我有一个关于糖尿病患者的数据集,有很多示例。
每个示例都用特定的类(二进制,0或1)进行分类(标记)
我在尝试预测Y ^时遇到了问题
但我有问题
import numpy as np
import pandas as pd
from sklearn.model_selection import train_test_split
def load_cvs(filename):
data = []
labels = []
with open(filename, 'r') as f:
for line in f:
items = line.split(",")
data.append([float(items[0]),float(items[1]),float(items[2]),float(items[3]),float(items[4]),float(items[5])])
labels.append(int(items[6]))
return np.array(data), np.array(labels)
X,y = load_cvs('diabetes.csv')
df = pd.read_csv("diabetes.csv")
#Glucose;BloodPressure;SkinThickness;Insulin;BMI;Age
X_train, X_test, y_train, y_test = train_test_split(X, y,test_size=0.2, random_state=33)
def sigmoid(z):
return 1 / (1 + np.exp(-z))
def predict(X,w):
z = np.dot(X,w)
return sigmoid(z)
def cost(y , y_pred):
return -np.mean(y * np.log(y_pred) + (1 - y) * np.log(1 - y_pred))
def train(X, y, epochs = 1000, lr =0.02):
X = np.c_[np.ones((X.shape[0], 1)), X]
w = np.random.randn(X.shape[1])
for epoch in range(epochs):
y_pred = predict(X,w)
error = y_pred - y
gradient = np.dot(X.T, error) / y.size
w -= lr * gradient
if epoch % 100 == 0:
c = cost(y,y_pred)
print(f'Epoch{epoch}: cost = {c}')
return w
w = train(X_train,y_train,epochs=1000, lr=0.02)
X_test=X_test
y_pred = predict(np.c_[np.ones((X_test.shape[0], 1)), X_test], w)
我收到此错误消息:TypeError: unsupported operand type(s) for *: 'float' and 'NoneType'
我更改了代码,但仍有问题
import numpy as np
from random import seed
from random import randrange
from sklearn.model_selection import train_test_split
from csv import reader
import pandas as pd
from sklearn.linear_model import LogisticRegression
from sklearn import preprocessing
from sklearn.metrics import accuracy_score, classification_report, confusion_matrix
from matplotlib import pyplot as plt
import seaborn as sns
def load_cvs(filename):
data = []
labels = []
with open(filename, 'r') as f:
for line in f:
items = line.split(",")
data.append([float(items[0]),float(items[1]),float(items[2]),float(items[3]),float(items[4]),float(items[5])])

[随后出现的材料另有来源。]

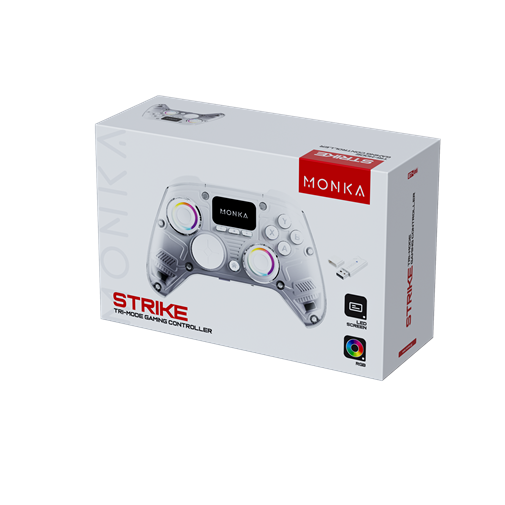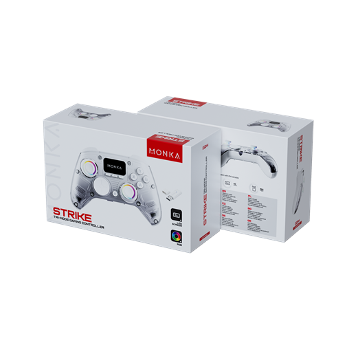 MONKA Strike je svestrani gejmped sa tri načina povezivanja (USB, Bluetooth 5.3 i 2.4G), dizajniran za stabilan i precizan gejming na PS4, Nintendo Switch, PC i mobilnim uređajima. Opremljen 6-osnim senzorima, izdržljivim džojsticima, 3.5 mm audio priključkom i snažnom 1000 mAh baterijom, pruža pouzdano i udobno iskustvo čak i tokom dugih gaming sesija.

labels.append(int(items[6]))
return np.array(data), np.array(labels)
seed(1)
col_names = ['Glucose','BloodPressure','SkinThickness','Insulin','BMI','Age','Outcome']
df = pd.read_csv('diabetes.csv', header=None, names=col_names)
nandf = df.fillna(value=0)
#nandf = df[df.isna().any(axis=1)]
#nandf.head()
feature_cols = ['Glucose','BloodPressure','SkinThickness','Insulin','BMI','Age']
X = nandf[feature_cols] # Features
y = nandf.Outcome # Target variable
X_train, X_test, y_train, y_test = train_test_split(X, y,test_size=0.2, random_state=16)
def sigmoid(z):
return 1 / (1 + np.exp(-z))
def predict(X,w):
z = np.dot(X,w)
return sigmoid(z)
def cost(y , y_pred):
return -np.mean(y * np.log(y_pred) + (1 - y) * np.log(1 - y_pred))
def train(X, y, epochs = 1000, lr =0.02):
X = np.c_[np.ones((X.shape[0], 1)), X]
w = np.random.randn(X.shape[1])
for epoch in range(epochs):
y_pred = predict(X,w)
error = y_pred - y
gradient = np.dot(X.T, error) / y.size
w -= lr * gradient
if epoch % 100 == 0:
c = cost(y,y_pred)
print(f'Epoch{epoch}: cost = {c}')
return w
w = train(X_train,y_train,epochs=1000, lr=0.02)
y_pred = predict(np.c_[np.ones((X_test.shape[0], 1)), X_test], w) # this line[enter image description here][1]
#print(f'prediction: {y_pred}')
3条答案
按热度按时间wn9m85ua1#
您的数据中似乎有空值,您必须删除或填充它们:
要查找具有空值的行,请用途:
jucafojl2#
我觉得你应该试试这个。
aamkag613#
根据错误图像,问题出在这个函数中的
w
上。您是否尝试将错误显示与代码匹配?w
是None
,不能在数学中使用(这应该是显而易见的!)w
从何而来?train
在if
中有一条return
语句,如果if
不为真,train
返回什么?这是你的代码,你有责任测试每一部分。